Ranikot Fort is located in the district of Jamshoro District, Sindh. The architects of this fort remain unknown, but its origin can be dated back to the 17th century, though additions were made in the 19th century. It is referred to as The Great Wall of Sindh and its circumference of 26 km makes it the world’s largest fort. The whole fort has been constructed with the help of stone and lime. A small fortress, a few miles from the main gate, is speculated to have served as the royal residence for the ruling family of Mirs. It has been on the tentative list of UNESCO World Heritage Sites since 1993.
Bala Hissar Fort
Locally known as Qila Bala Hissar, the name of the fort translates to “High Fort” and has its origins in Dari Persian. It remains one of the most historically relevant places in Peshawar, Khyber Pakhtunkhwa. The fort has been serving as the headquarters of the Frontier Corps since 1949. However, the provincial assembly has passed a resolution in 2014, wanting to make the fort a tourism point instead. This has yet to happen. Historically, the fort was used as the winter capital of the Afghan Durrani Empire, while Kabul remained the summer one.

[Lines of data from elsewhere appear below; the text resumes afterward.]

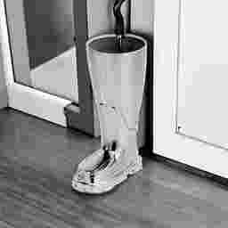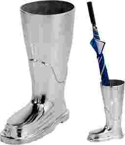While the fireman's boot is a novelty theme, the sleek silver color and polished finish give this stand a distinctly modern and elegant appeal. The smooth contours and realistic detailing, such as the tread pattern, serve as a striking conversational piece that adds character to contemporary entryways, mudrooms, or even professional offices.
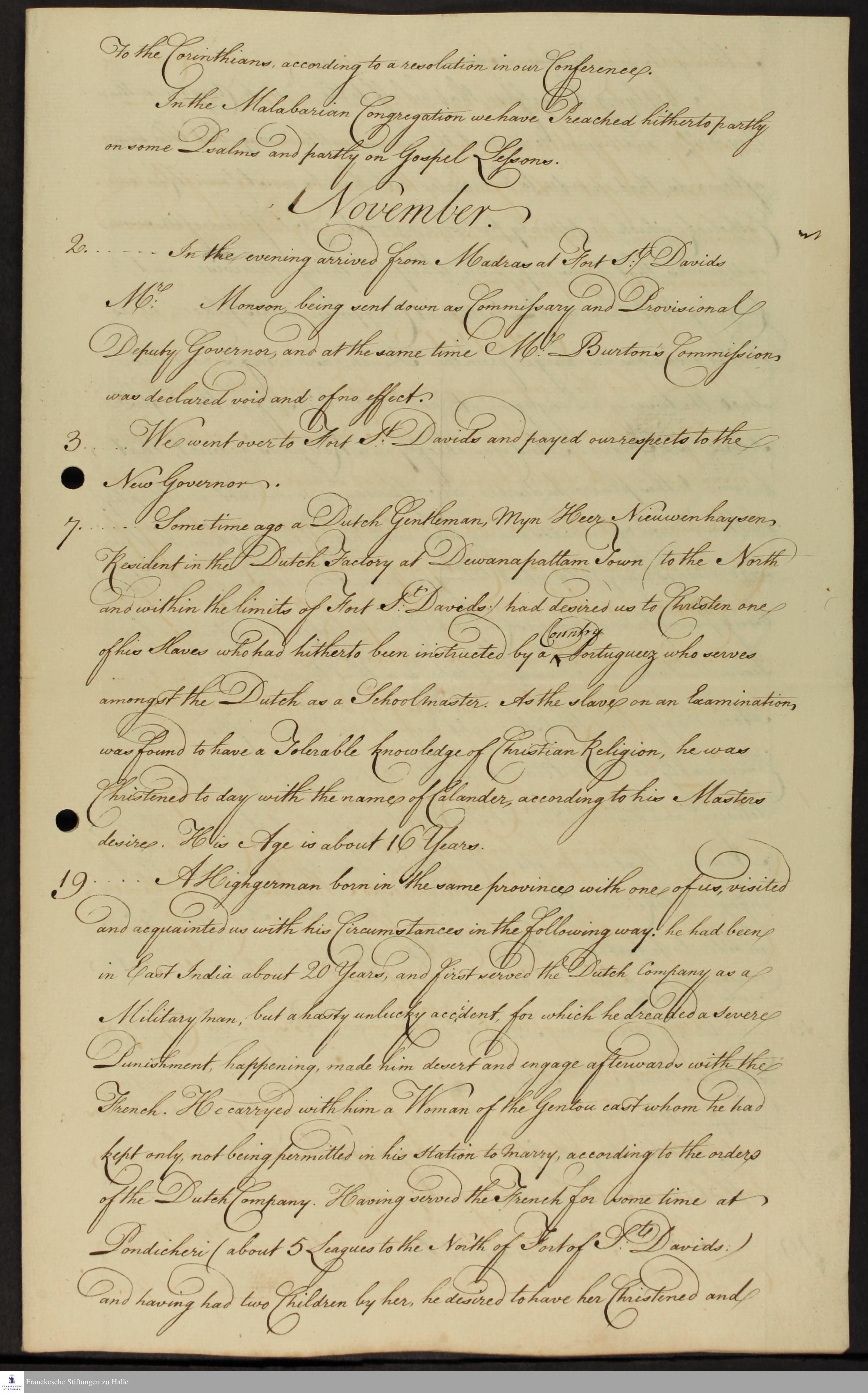 Tagebuch von Johann Ernst Geister und Johann Zacharias Kiernander.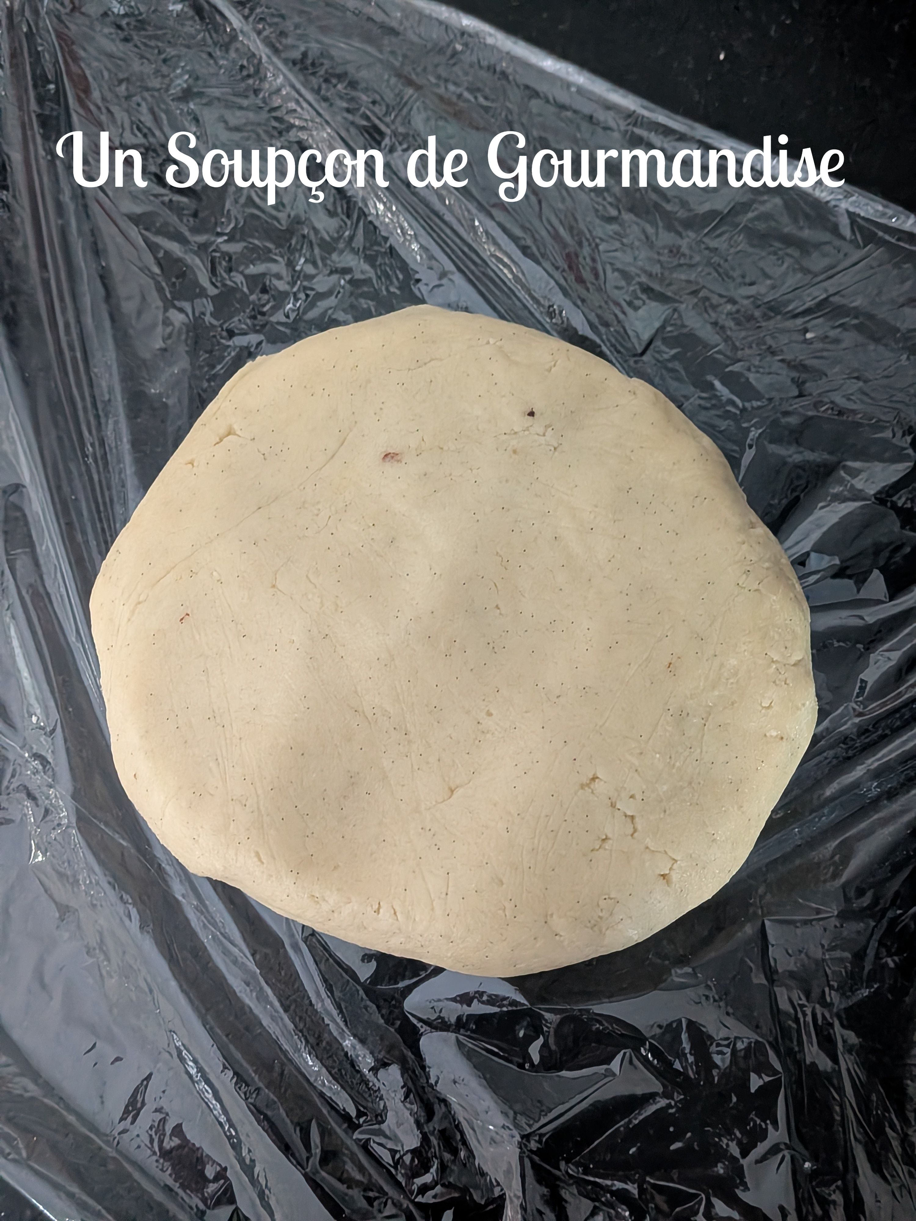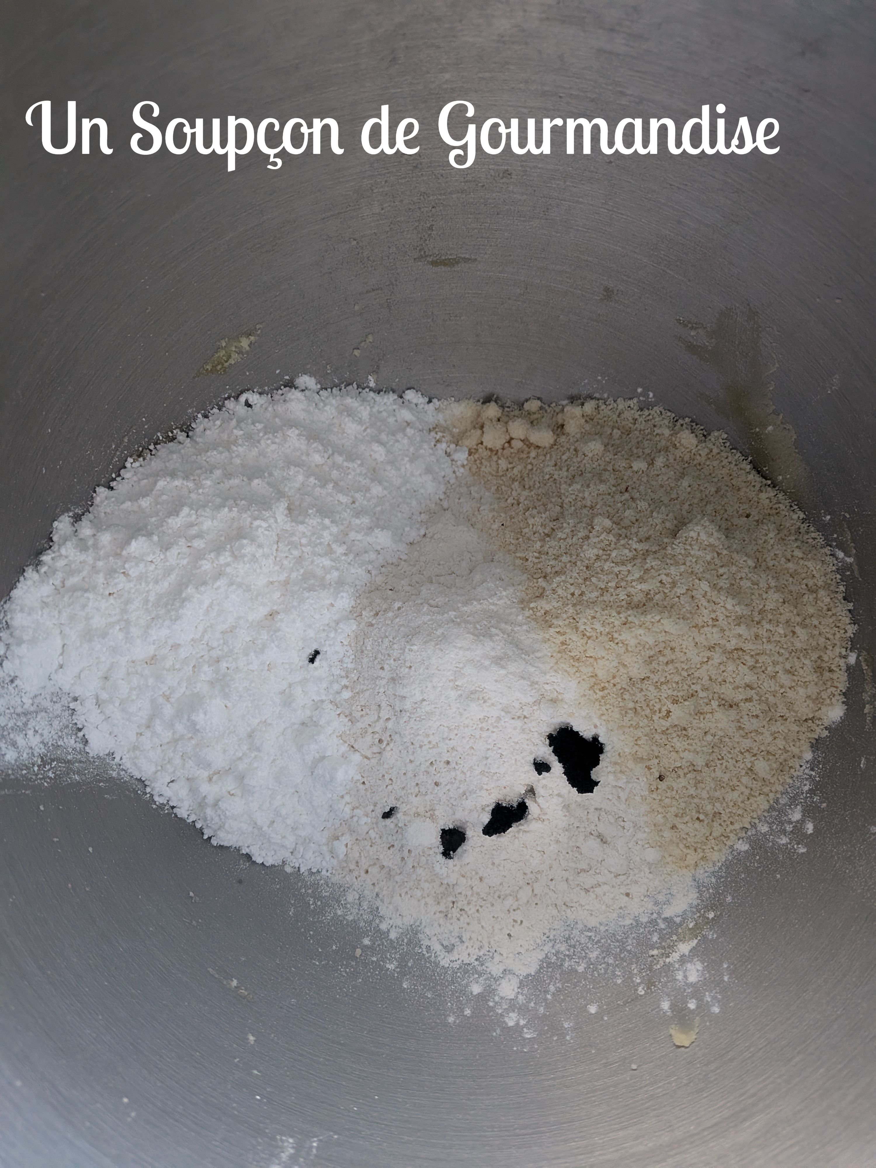 Dans le bol du robot muni de la feuille, verser 200g de farine T55, 30g de poudre d’amande, 55g de sucre glace et 1 pincée de sel. Ajouter les graines de la gousse de vanille, mélanger.

The name of the fort translates to “this side down.” It is located a few kilometers away from Karimabad, in Hunza, Gilgit-Baltistan. The fort has recently been restored by the Aga Khan Trust for Cultural Historic Cities Support Programme. Different parts of the fort were built at different points in time and some of these date back more than a thousand years. Its initial purpose was to be used as a palace for the rulers of Hunza, but after the addition of the watch tower, it was turned into a fort and used as one. The previous purpose is reflected in a room on the second level, with houses an earthen space for resting flanked by four columns, where official receptions used to take place.
Baltit Fort is located in Hunza as well, and is newer than Altit. While Altit was the old fort used by the Mirs, they moved to Baltit soon after its construction. It is claimed to date back 700 years, and owes most of its splendor to the Tibetan princess who married the local prince in the 16th Century and brought along with herself her 500 maids, masons and craftsmen to look after the new home, changing its face and foundation forever in the process. The fort has been honored with the Award of Excellence in the UNESCO 2004 Asia-Pacific Heritage Awards for Culture Heritage Conservation. The first floor of Baltit fort contains guards rooms, a dungeon and a private meeting room, as well as the kitchen which still houses some of the utensils used in the times of the rulers. The second floor consists of an open terrace, and the main attraction is the royal throne under a wooden canopy. Bay windows afford an incredible view of the valley below. On the third floor, there is a small mosque.
Sandeman Fort is also called Quetta Fort, and dates back to the times of the British Raj in the subcontinent. It was part of the process of making Quetta into a military town and a stronghold of the British in those tumultuous times, due to its location close to Afghanistan where the British interest was. The fort is named after Robert Sandeman, who was a political agent of the British sent to administer Balochistan after the Khans of Killat officially lost control of the region in the 19th century.
Kot Diji Fort
Kot Diji Fort is also known as Fort Ahmadabad. It is located in the town of Kot Diji, in the district of Khairpur. It served as a residency for the rulers of Khairpur in times of peace and was built in the 18th century by the founder of the Kingdom of Upper Sindh. The fort has been constructed with kiln-baked bricks on a limestone hill. The bricks were a more strategic choice by the builders as the local limestone was too brittle to withstand an attack by opposing forces. Despite these considerations, and the fact that the rulers moved to another safe location during wartime as a precautionary measure, throughout the entire course of history, Fort Kot Diji has never once been attacked.